TASK DESCRIPTION: Each line in the material below, starting at the one with "The meeting concluded" and ending at the one with "on transparent background", is to be reproduced exactly; no picture is to be copied.
Segment Start: RECORDS SHOWN
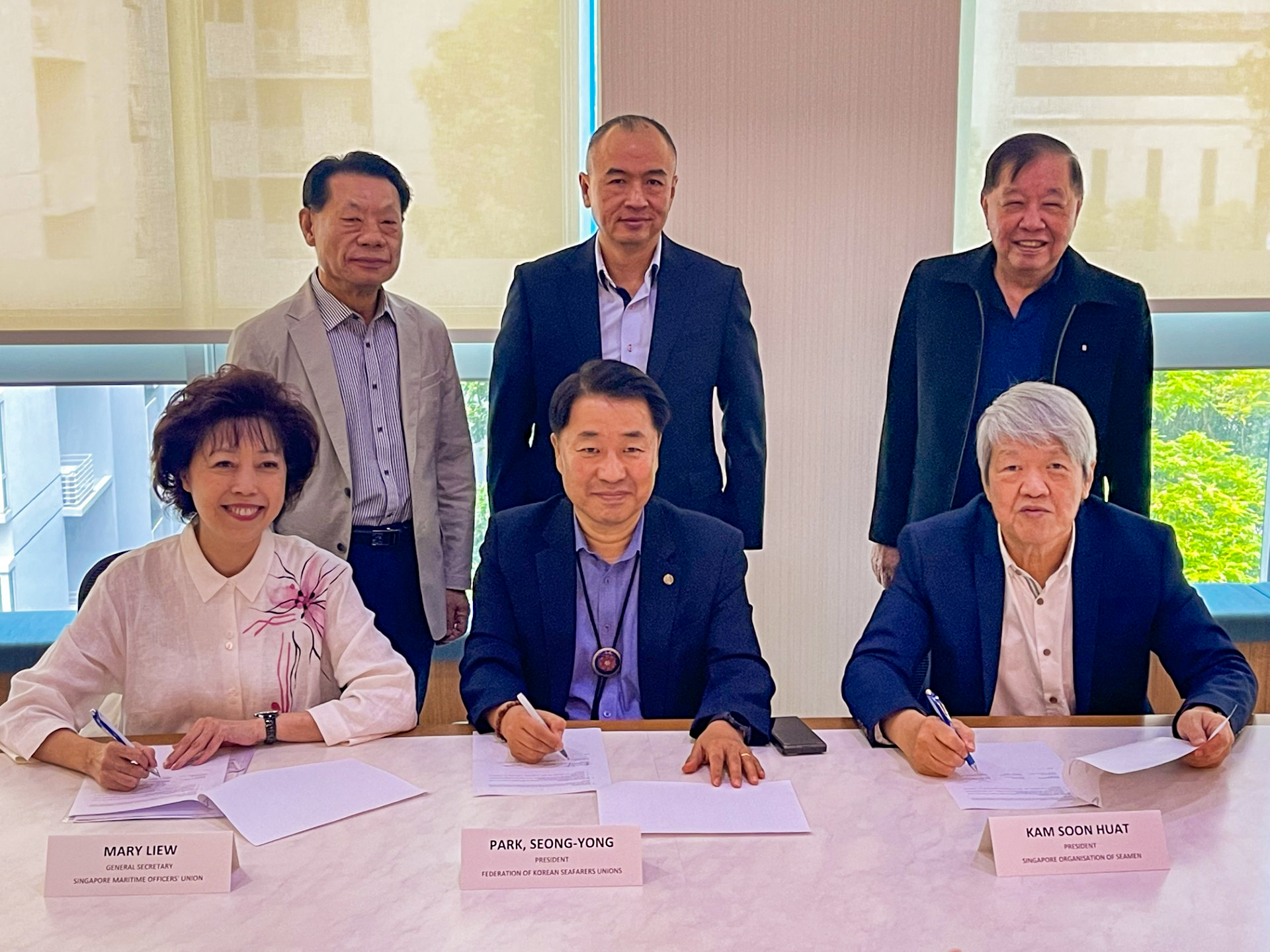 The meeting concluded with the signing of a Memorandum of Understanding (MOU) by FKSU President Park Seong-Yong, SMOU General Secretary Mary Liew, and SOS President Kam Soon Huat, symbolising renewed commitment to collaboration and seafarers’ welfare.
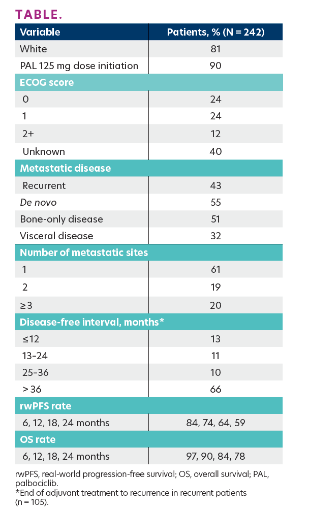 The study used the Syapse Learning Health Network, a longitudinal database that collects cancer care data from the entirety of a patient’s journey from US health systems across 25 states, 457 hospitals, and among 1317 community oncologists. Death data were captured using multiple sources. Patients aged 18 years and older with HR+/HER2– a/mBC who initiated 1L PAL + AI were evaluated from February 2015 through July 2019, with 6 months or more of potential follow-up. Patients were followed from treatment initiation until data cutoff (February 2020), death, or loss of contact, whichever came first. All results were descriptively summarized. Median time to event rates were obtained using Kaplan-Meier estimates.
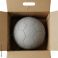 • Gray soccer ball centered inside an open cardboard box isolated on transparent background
Segment End: RECORDS SHOWN
Segment Start: RECORDS SHOWN
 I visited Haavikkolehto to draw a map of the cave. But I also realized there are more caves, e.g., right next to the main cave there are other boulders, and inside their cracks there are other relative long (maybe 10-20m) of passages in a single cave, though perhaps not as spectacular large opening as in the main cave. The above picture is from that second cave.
Segment End: RECORDS SHOWN
Segment Start: RECORDS SHOWN
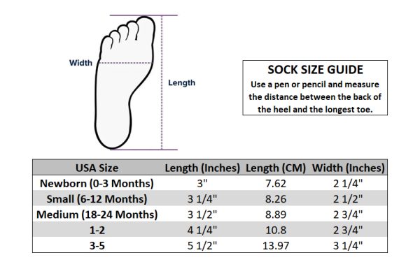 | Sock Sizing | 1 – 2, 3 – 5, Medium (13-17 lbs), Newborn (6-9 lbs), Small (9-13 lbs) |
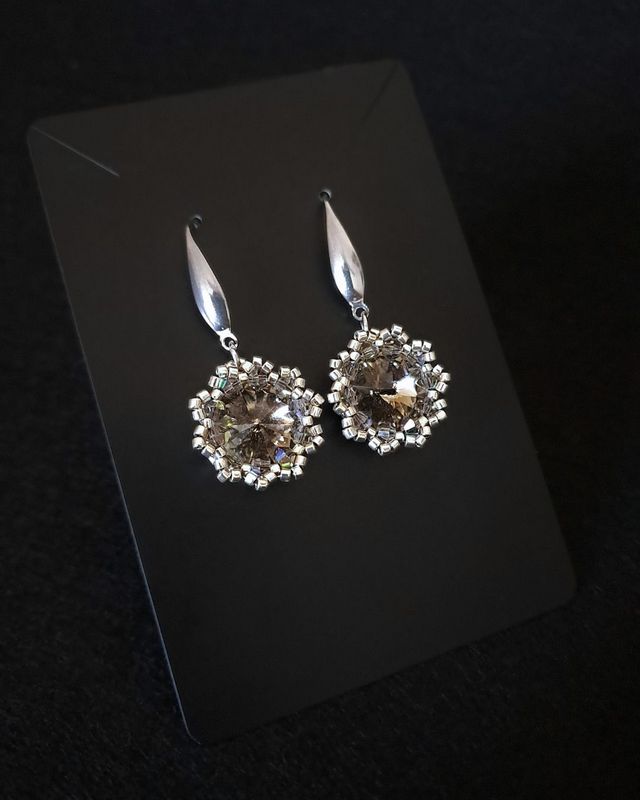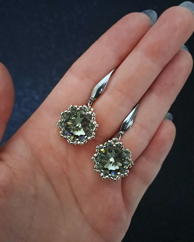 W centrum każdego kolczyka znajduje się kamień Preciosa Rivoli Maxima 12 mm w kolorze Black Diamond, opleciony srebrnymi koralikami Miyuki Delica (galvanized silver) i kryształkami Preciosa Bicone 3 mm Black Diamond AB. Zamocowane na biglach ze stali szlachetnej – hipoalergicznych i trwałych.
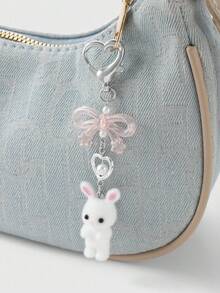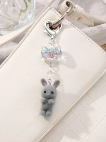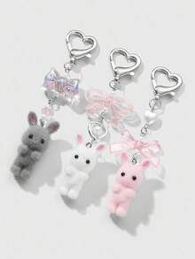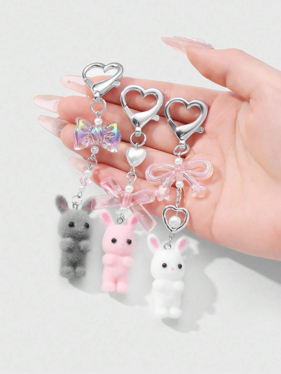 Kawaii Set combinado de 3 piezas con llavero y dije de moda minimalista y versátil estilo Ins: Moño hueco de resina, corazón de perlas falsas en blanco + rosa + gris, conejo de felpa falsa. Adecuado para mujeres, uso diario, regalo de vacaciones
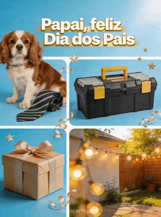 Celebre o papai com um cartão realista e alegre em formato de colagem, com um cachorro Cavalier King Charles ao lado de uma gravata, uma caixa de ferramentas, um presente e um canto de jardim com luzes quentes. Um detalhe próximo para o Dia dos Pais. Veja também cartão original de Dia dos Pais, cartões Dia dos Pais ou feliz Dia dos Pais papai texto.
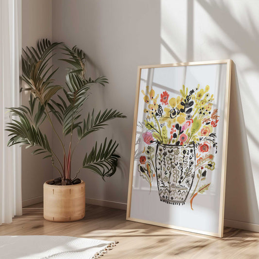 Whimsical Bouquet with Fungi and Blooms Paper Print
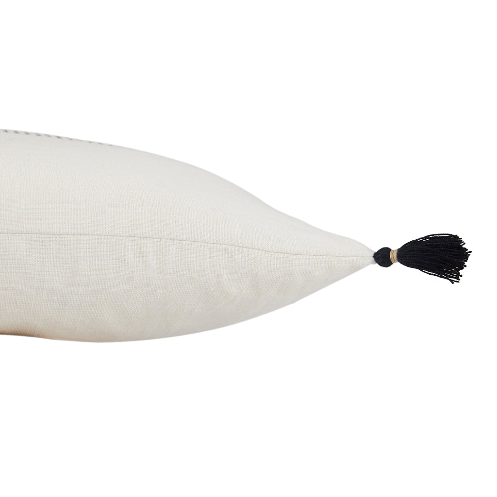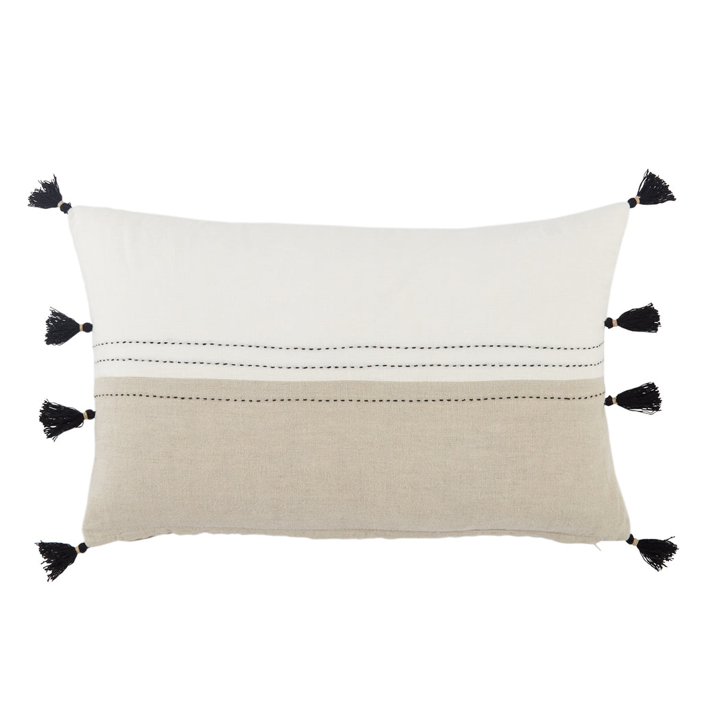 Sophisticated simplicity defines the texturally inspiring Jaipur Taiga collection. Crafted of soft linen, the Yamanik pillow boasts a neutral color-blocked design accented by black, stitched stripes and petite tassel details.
Segment End: RECORDS SHOWN
YOUR RESPONSE:
 The meeting concluded with the signing of a Memorandum of Understanding (MOU) by FKSU President Park Seong-Yong, SMOU General Secretary Mary Liew, and SOS President Kam Soon Huat, symbolising renewed commitment to collaboration and seafarers’ welfare.
 The study used the Syapse Learning Health Network, a longitudinal database that collects cancer care data from the entirety of a patient’s journey from US health systems across 25 states, 457 hospitals, and among 1317 community oncologists. Death data were captured using multiple sources. Patients aged 18 years and older with HR+/HER2– a/mBC who initiated 1L PAL + AI were evaluated from February 2015 through July 2019, with 6 months or more of potential follow-up. Patients were followed from treatment initiation until data cutoff (February 2020), death, or loss of contact, whichever came first. All results were descriptively summarized. Median time to event rates were obtained using Kaplan-Meier estimates.
 • Gray soccer ball centered inside an open cardboard box isolated on transparent background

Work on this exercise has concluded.